*** Opening Provided data ***

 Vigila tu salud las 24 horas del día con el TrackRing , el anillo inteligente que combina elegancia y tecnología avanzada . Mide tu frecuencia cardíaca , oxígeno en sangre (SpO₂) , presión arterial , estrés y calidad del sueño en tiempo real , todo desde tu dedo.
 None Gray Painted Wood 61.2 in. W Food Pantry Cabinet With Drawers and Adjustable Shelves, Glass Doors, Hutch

*** Closing Provided data ***
*** Opening Provided data ***

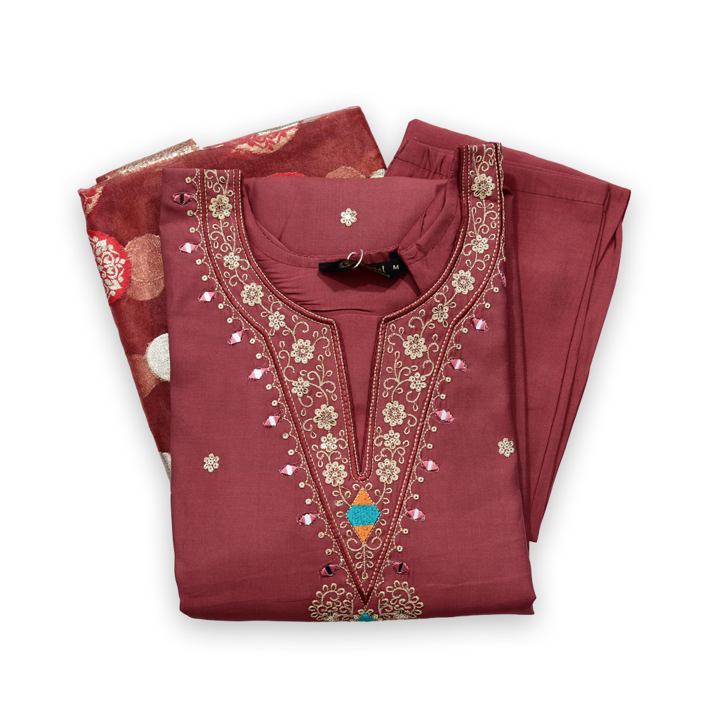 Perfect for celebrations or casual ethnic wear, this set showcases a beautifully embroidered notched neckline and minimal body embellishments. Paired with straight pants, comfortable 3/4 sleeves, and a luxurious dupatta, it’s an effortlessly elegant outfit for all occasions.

*** Closing Provided data ***
*** Opening Provided data ***

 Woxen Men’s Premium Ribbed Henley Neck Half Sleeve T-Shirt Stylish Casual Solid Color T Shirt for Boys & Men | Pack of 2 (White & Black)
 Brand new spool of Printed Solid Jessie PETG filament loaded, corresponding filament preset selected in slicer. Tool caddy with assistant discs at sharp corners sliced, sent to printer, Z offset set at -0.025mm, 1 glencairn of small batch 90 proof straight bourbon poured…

*** Closing Provided data ***

Task brief:
Taking the records above, retype every line from the one with "Woxen Men’s Premium" down to the one with "Brand new spool", exactly and with nothing else.

Exercise result:
 Woxen Men’s Premium Ribbed Henley Neck Half Sleeve T-Shirt Stylish Casual Solid Color T Shirt for Boys & Men | Pack of 2 (White & Black)
 Brand new spool of Printed Solid Jessie PETG filament loaded, corresponding filament preset selected in slicer. Tool caddy with assistant discs at sharp corners sliced, sent to printer, Z offset set at -0.025mm, 1 glencairn of small batch 90 proof straight bourbon poured…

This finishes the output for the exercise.